Collected data entries:
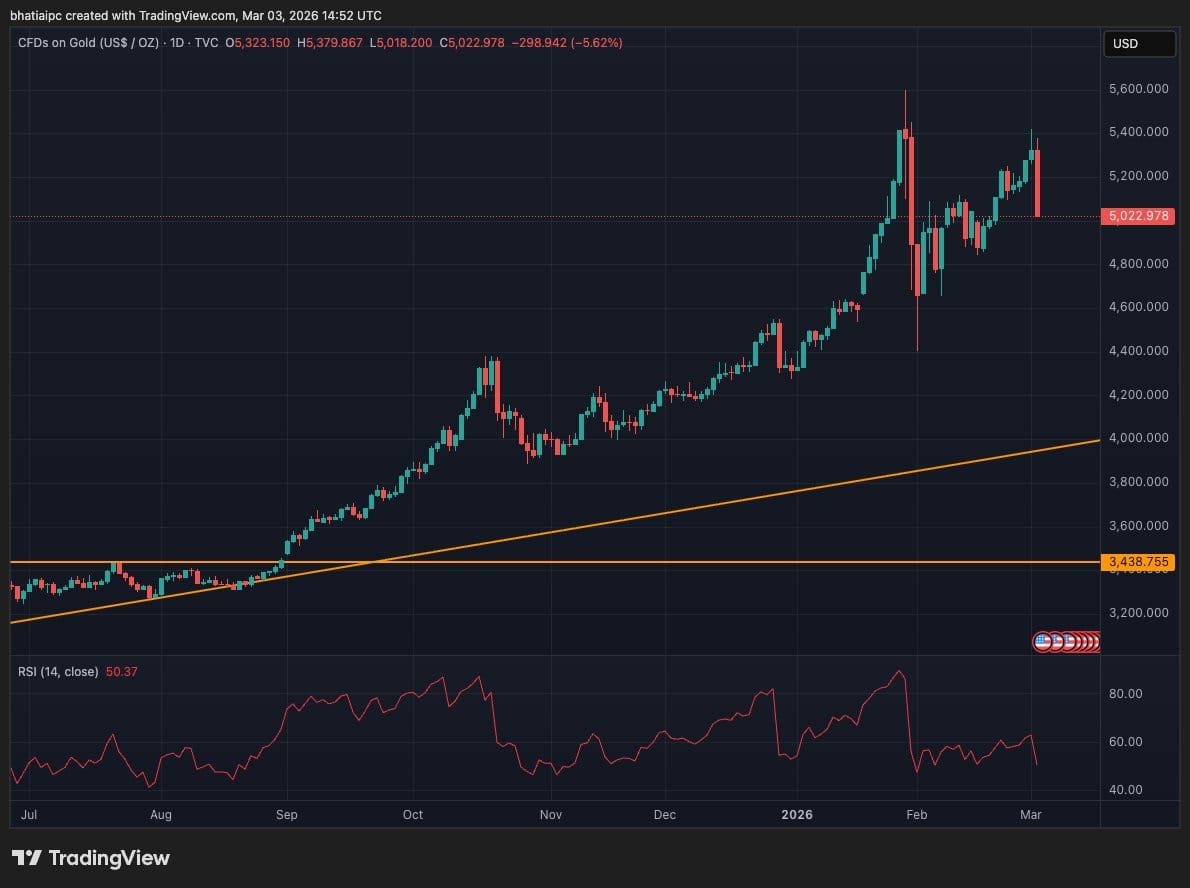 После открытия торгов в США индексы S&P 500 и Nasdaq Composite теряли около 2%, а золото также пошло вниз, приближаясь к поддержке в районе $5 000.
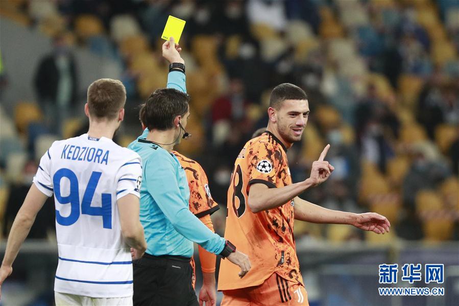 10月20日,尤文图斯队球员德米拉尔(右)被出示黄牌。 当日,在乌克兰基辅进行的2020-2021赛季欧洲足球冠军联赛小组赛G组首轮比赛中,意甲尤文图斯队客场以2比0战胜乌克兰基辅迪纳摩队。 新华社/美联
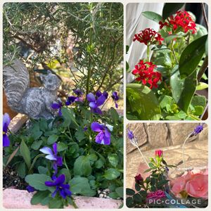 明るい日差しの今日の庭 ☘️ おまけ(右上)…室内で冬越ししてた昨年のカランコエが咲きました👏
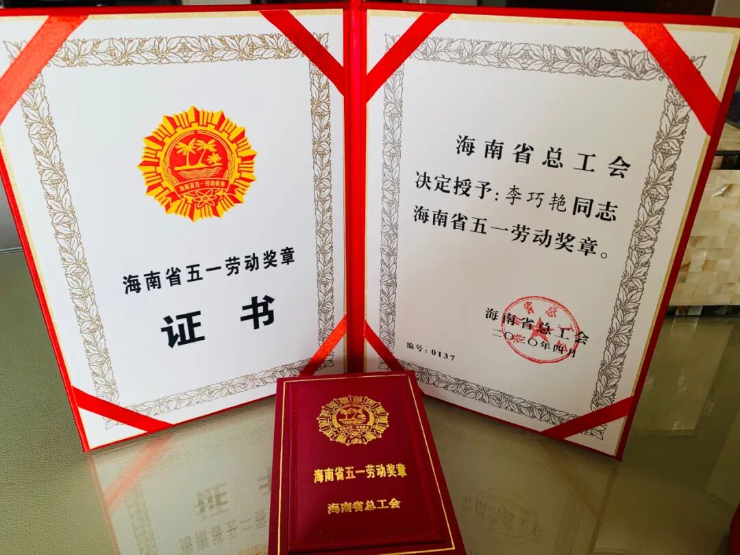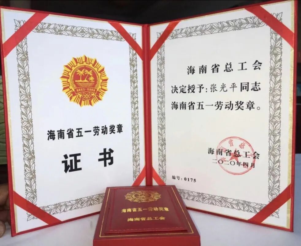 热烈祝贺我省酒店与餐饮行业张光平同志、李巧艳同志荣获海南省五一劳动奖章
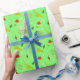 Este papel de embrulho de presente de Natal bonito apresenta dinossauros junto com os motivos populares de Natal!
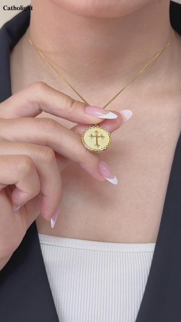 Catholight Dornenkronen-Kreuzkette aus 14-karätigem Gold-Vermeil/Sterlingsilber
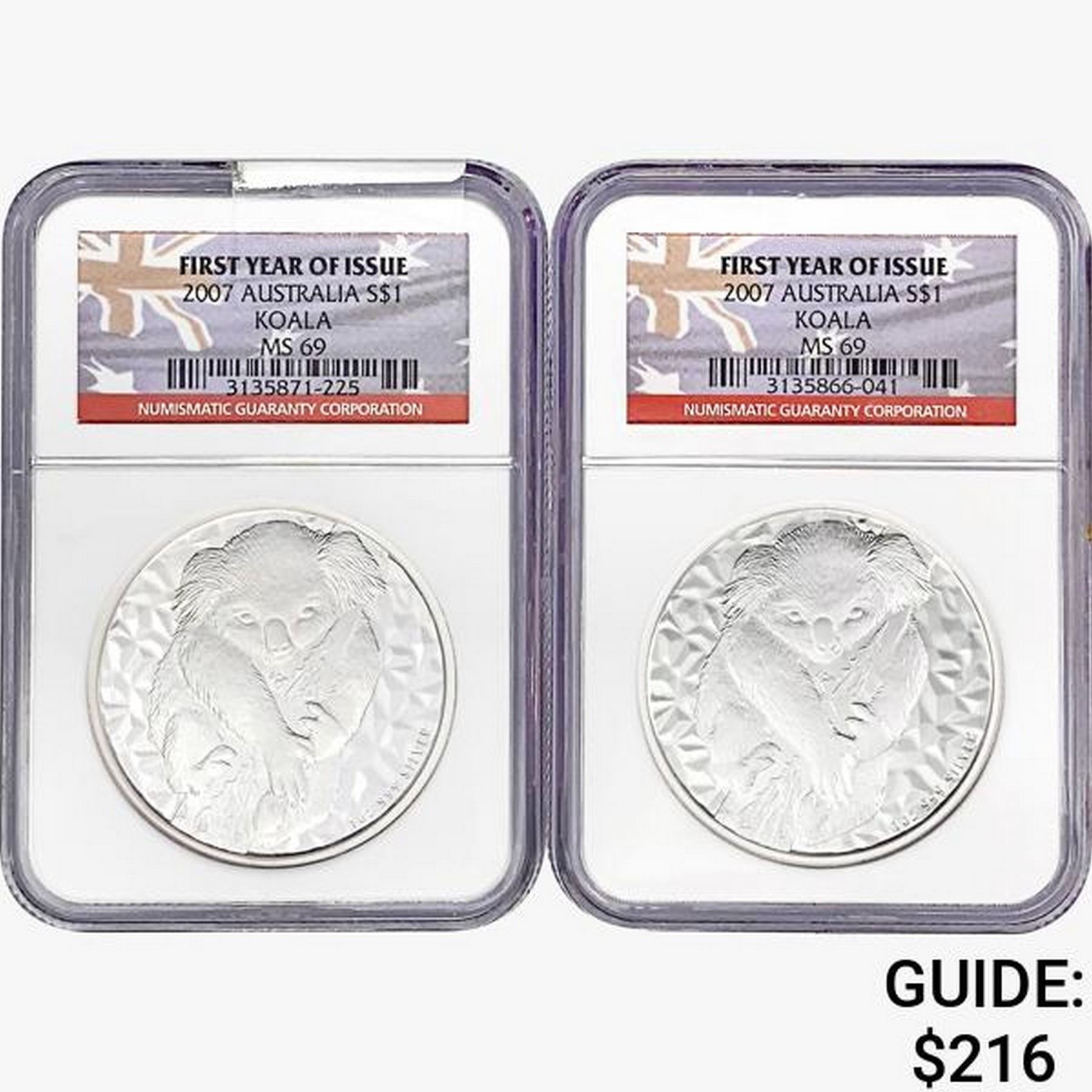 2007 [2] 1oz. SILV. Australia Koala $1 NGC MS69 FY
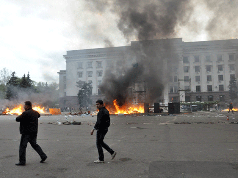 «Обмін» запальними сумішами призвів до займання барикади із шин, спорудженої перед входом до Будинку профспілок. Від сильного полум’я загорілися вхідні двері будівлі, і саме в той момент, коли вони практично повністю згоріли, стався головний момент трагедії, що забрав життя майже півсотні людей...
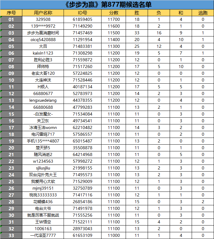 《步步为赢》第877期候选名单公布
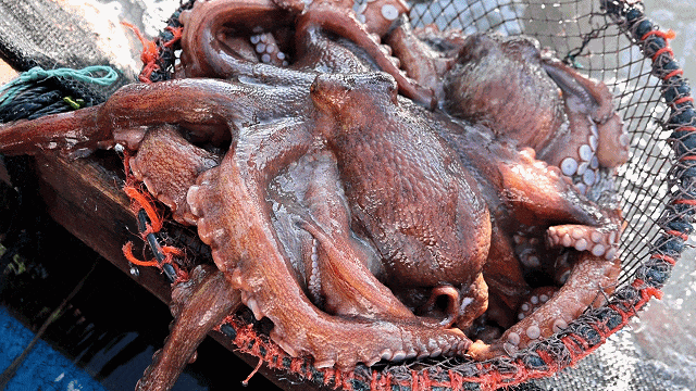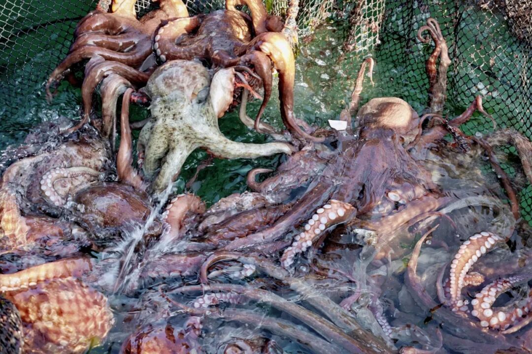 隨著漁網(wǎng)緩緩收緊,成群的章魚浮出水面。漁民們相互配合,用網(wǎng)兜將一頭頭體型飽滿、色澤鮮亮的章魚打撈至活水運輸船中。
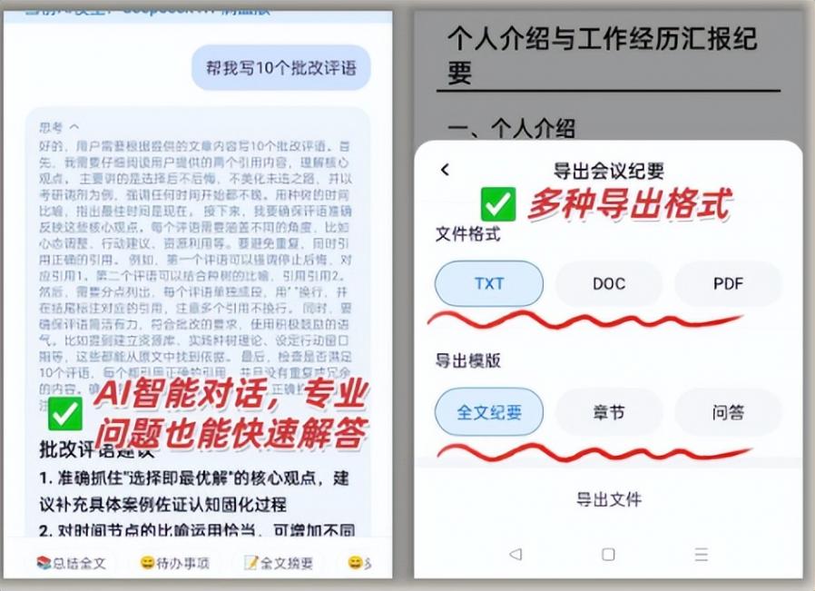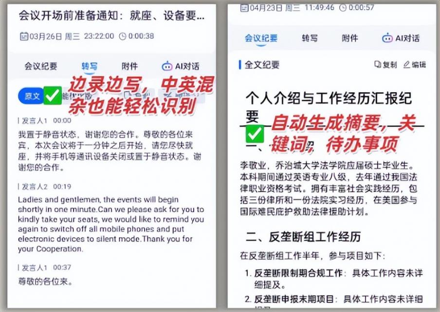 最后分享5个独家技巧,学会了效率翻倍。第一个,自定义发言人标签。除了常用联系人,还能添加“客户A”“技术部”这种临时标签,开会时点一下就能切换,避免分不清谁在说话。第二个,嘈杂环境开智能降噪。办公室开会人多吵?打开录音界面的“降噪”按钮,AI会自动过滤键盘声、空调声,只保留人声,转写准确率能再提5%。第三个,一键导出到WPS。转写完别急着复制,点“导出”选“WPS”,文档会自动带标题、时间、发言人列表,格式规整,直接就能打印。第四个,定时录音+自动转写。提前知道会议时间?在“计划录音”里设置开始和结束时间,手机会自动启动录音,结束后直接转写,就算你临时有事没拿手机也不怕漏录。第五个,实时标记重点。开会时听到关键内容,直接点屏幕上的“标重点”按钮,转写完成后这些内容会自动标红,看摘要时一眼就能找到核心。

TASK DIRECTIONS:
Your task is to copy only the lines above starting at the one containing "2007 [2] 1oz." and ending at the one containing "隨著漁網(wǎng)緩緩收緊". Copy them exactly, both ends included, and omit the pictures.

WORKED SOLUTION:
 2007 [2] 1oz. SILV. Australia Koala $1 NGC MS69 FY
 «Обмін» запальними сумішами призвів до займання барикади із шин, спорудженої перед входом до Будинку профспілок. Від сильного полум’я загорілися вхідні двері будівлі, і саме в той момент, коли вони практично повністю згоріли, стався головний момент трагедії, що забрав життя майже півсотні людей...
 《步步为赢》第877期候选名单公布
 隨著漁網(wǎng)緩緩收緊,成群的章魚浮出水面。漁民們相互配合,用網(wǎng)兜將一頭頭體型飽滿、色澤鮮亮的章魚打撈至活水運輸船中。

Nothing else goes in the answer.